Q&A: Tim Greiner on the Transformational Role of Chemical Footprinting
by Tim Greiner
24 October 2017
Sustainable chemical management is a critical component of a healthy and circular future. In its second annual report, the Chemical Footprint Project (CFP) revealed encouraging advances across industries towards the use of safer materials and greater transparency. Sustainable Brands spoke to Tim Greiner, co-founder and Managing Director at sustainability consulting firm Pure Strategies, one of the founding organizations behind CFP, to find out more about how chemical footprinting and the CFP are helping companies elevate the conversation internally and externally on chemicals management and establish roadmaps for success.
What is the state of sustainable chemicals management?

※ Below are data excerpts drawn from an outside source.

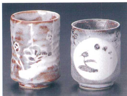
カ365-21-2 志野梅 寿司湯呑 (φ7.3×10.5cm) ¥700 2214365021
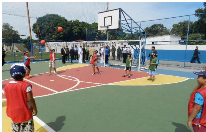
Modalidades com bola: as preferidas pelos alunos (Arraial Cabo/RJ; Manaus/AM)
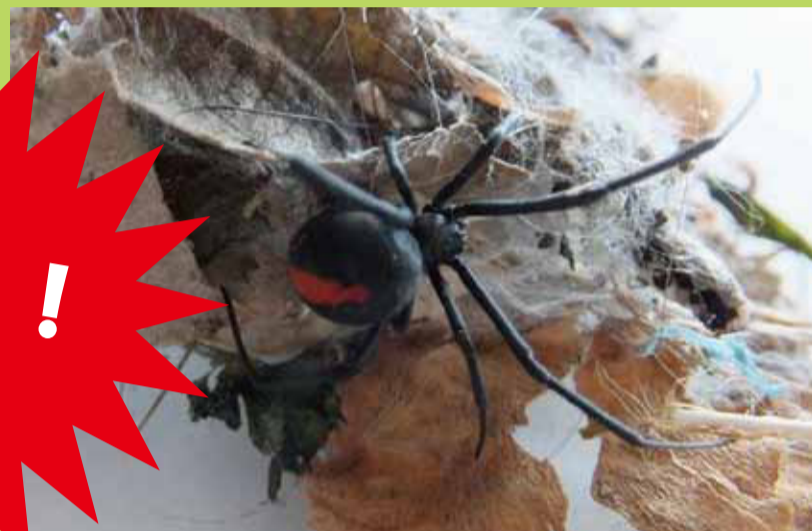
巣の張り方は不規則で立体的です。
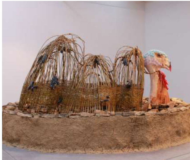
Aurélie Ferruel et Florentine Guédon, La suée du dindon , 2020, paille, terre, bois, verre, céramique, 500 x 300 x 250 cm.

Être le DINDON DE LA FARCE signifie "se faire duper". Au Moyen-Âge, les « farces » étaient de courtes comédies qui mettaient en scène des pères crédules, bafoués par leurs fils. Ils étaient déguisés en dindons, devenant ainsi les « dindons de la farce ». Les animaux de basse-cour sont souvent sollicités pour évoquer un individu moqué dans un groupe social : l'âne, le bouc, la dinde... Chez Ferruel et Guédon, le dindon est démembré au centre du lavoir, il ne reste de lui plus que la tête en bois, la gorge en perles de verre rouge et les pattes en céramique. Les artistes évoquent aussi l'évolution de cet animal, domestiqué à tel point qu'il n'est plus capable de se reproduire sans l'aide de l'homme.
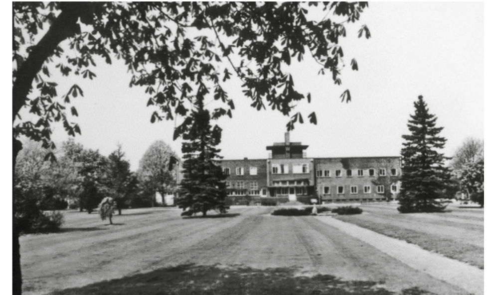
De achterzijde van het Mgr. Mutsaersoord voor de Tweede Wereldoorlog.

Venlo werd op 1 en 2 maart 1945 bevrijd, maar dat betekende nog geenszins, dat het bij het Mgr. Mutsaersoord, pal gelegen tegen het voormalige Duitse militaire vliegveld – het grootste van West-Europa – helemaal veilig was. De geallieerden streken neer op de overigens zwaar beschadigde Flietgerhorst. Toen het oorlogsgeweld definitief was geweken kon ook het bestuur van het Mutsaersoord de schade opmaken. Ontzetting, verbijstering, mogelijk woede over zoveel wat kapot was. Het Agnespaviljoen was opgeblazen en het hoofdgebouw was leeg geroofd en in een onherkenbare puinhoop veranderd. Bunkers en resten daarvan op het terrein, dat ook nog eens volledig was omgewoeld. Maar, welke emotie er ook speelde, wanhoop kreeg daar-

Tim Greiner: Chemicals management has been a compliance-focused effort for a long time within companies. This has involved ensuring that legal requirements are met from what chemicals are allowed to what specific levels are permitted and what warnings or notifications are needed. However, the needed progress to reach a healthy and sustainable economy cannot rely on the often slow-to-catch-up processes that many regulations are.

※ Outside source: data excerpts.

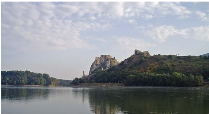
Dévényi vár a Duna felől

A középső várat mély száraz árok választja el a legregebb résztől, a XIII. századi Felső-vártól. Itt meredek lépcsőkön keresztül érkezünk meg a 212 méteres magasságban trónoló, egykori sokszögű lakótorony helyére. Letekintve, 80 méteres mélységben láthatjuk a széles hömpölygő Duna folyamát. A XIII. században csak a lakótorony kis elő udvarokkal és a meredély széléig húzódó kőfállal alkotta Dévény királyi határvárát. Kristó Gyula történész szerint kőfalat csak a Dki oldalon húztak fel, előtte pedig átvágták a hegy gerincét. A középkori hadjáratokat épségben átvészelő épületet az 1809-ben idáig eljutó francia katonaság rob-
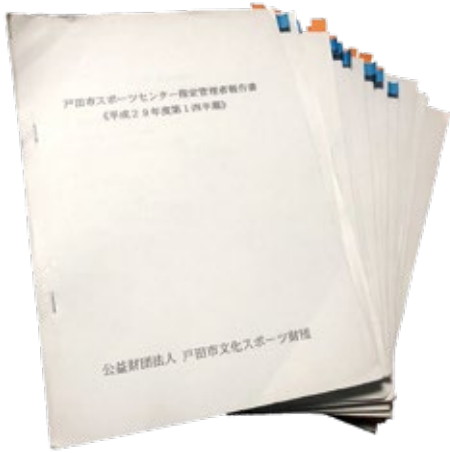
▲スポーツセンター指定管理者報告書

議員 加えて、そのスポーツクラブに指導を受けている子の親御さんたちから複数の告発があった。
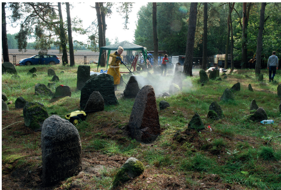
7. Cmentarz w Studziance. Konserwatorzy przy pracy. Cemetery in Studzianka. Conservators at work.

Z zachowanych historycznych fotografii widać, że część nagrobków uległa zniszczeniu wskutek dewastacji i kradzieży, mimo to przetrwały na nim różne rodzaje nagrobków. Przeważają oczywiście nagrobki tradycyjne w formie polodowcowych głazów, ale są także marmurowe i piaskowcowe stele, a nawet pomnik w kształcie granitowego sarkofagu.
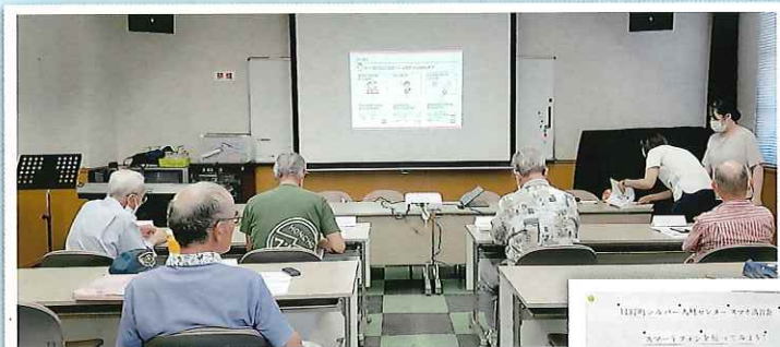
ドコモショップのスマホ講習
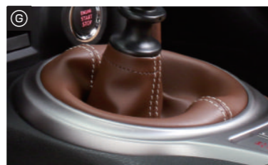
シフトブーツMT専用・・・¥18,000(税抜) シフトブーツAT専用・・・¥18,000(税抜)
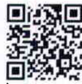
:ขั้นตอนการสมัครสอบ และชำระเงิน
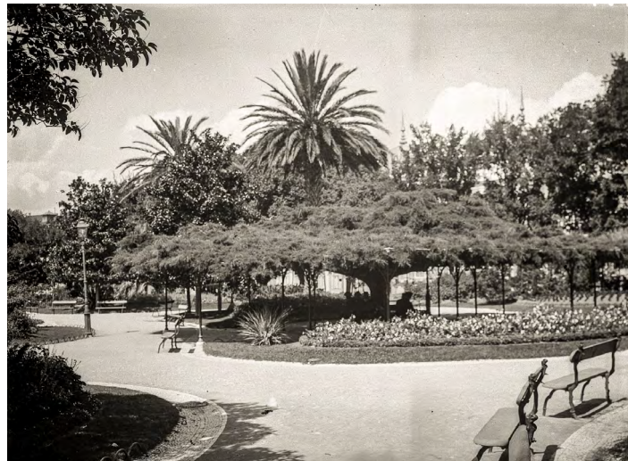
13. Jardim do Príncipe Real. Joshua Benoliel, 1911. Arquivo Municipal de Lisboa.
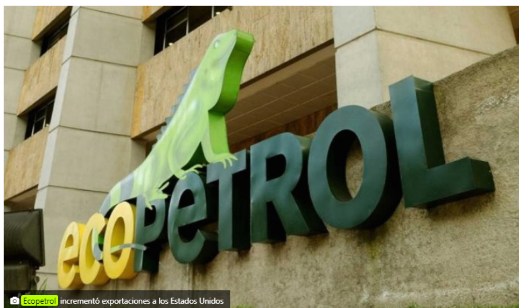
Ecopetrol incrementó exportaciones a los Estados Unidos

Luego de dos meses de suspensión temporal debido a las medidas preventivas adoptadas para evitar la propagación de la covid-19, Ecopetrol inició los trámites con la Alcaldía de Aguazul (Casanare) para reanudar la perforación del pozo Liria YW12, ubicado en esta localidad.

The good news is that companies are shifting to chemicals management approaches that are based on continuous improvement and moving to safer materials before there are regulatory requirements. A key part of this is less reliance on a risk framework and more focus on inherent hazard — understanding that if we can prevent the hazard to begin with, then we don’t have to manage the risk. This has led companies and retailers such as Walmart, CVS and Bed, Bath and Beyond to develop restricted substances lists (RSLs) and identify safer substitutes across product categories.

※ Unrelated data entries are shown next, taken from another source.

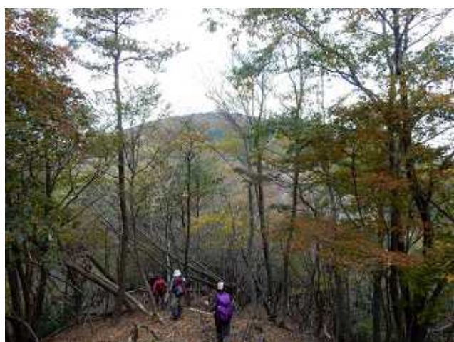
登山道より一山を見る
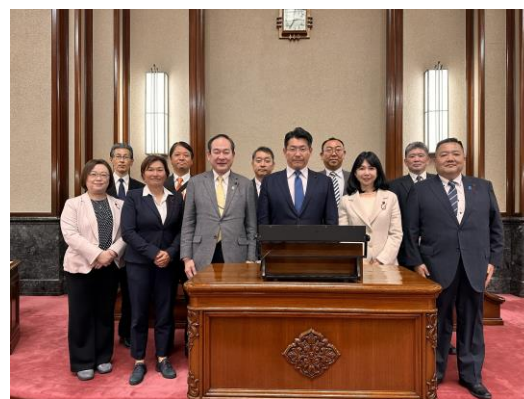
名古屋市会 議場にて
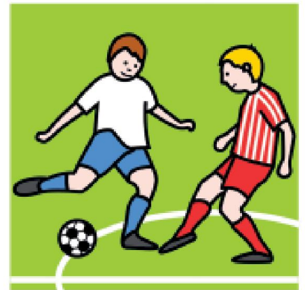
Pelata jalkapalloa.

“Viime tunnilla otin hänet vastaan ihan heti ovelta. Toivotin taas tervetulleeksi, juttelin pari sanaa ja sitten annoin hänelle haasteen: sanoin, että uskon hänen pystyvän olemaan koko tunnin ajan puhelin taskussaan. Ja toden totta! En kertaakaan nähnyt hänellä puhelinta kädessä, vaikka
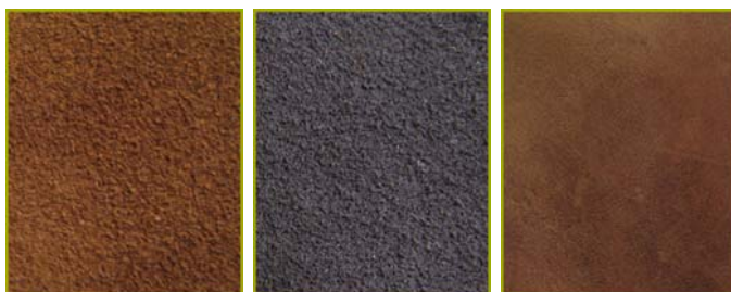
Baby Camurça de cor conhaque

Está autorizada a utilizar o rótulo Biocalce Cuidado Extra, em peles de corte para uso em calçado forrado de acordo com as especificações expressas no boletim de ensaios: CQ-1711/2008 de 2008/11/26, CQ-1713/2008 de 2008/11/26 e CQ-1815/2008 de 2008/12/29 para os seguintes artigos:
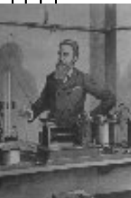
Wilhem Conrad Röntgen (Allemagne) : les rayons X 1901
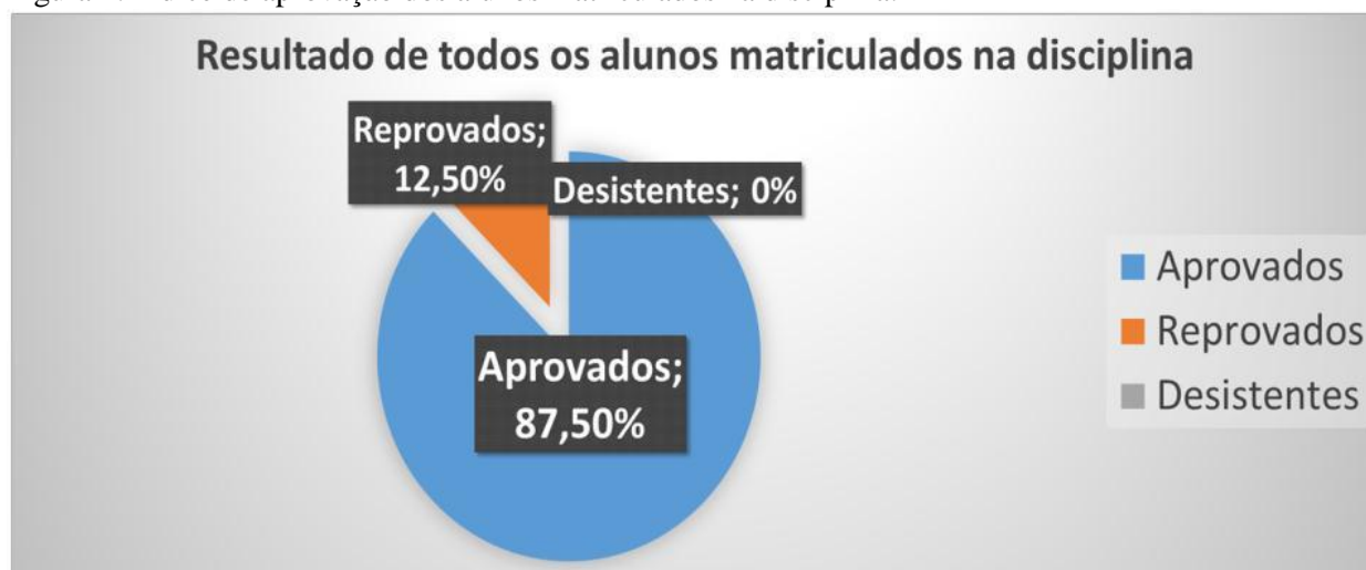
Figura 2: Índice de aprovação dos alunos matriculados na disciplina.

Ao final do semestre, constatou-se que 87,5% dos alunos da disciplina foram aprovados, sendo os 12,5% restantes não conseguindo a aprovação (Figura 2). Grande parte dos alunos que participaram da monitoria até o fim foi aprovada, seja por média ou ao após realizarem o exame final; e poucos foram os casos dos que frequentaram a monitoria e não obtiveram nota suficiente para aprovação.

There is also notable progress toward greater transparency. We see this primarily in the formulated products industries, such as beauty, personal care and home care, where companies are disclosing product ingredients beyond what is required by law, including providing information what was previously considered confidential business information (e.g., fragrances). What had previously only been seen from leading companies, such as Seventh Generation, now is being taken on by companies such as Walmart requiring suppliers to disclose ingredients. Further, for many years, chemicals lacked a means for internal and external stakeholders to track corporate performance and program effectiveness (e.g. like CDP does for greenhouse gas emissions). The annual CFP survey of 20 questions on chemicals management and chemical footprinting fills that gap.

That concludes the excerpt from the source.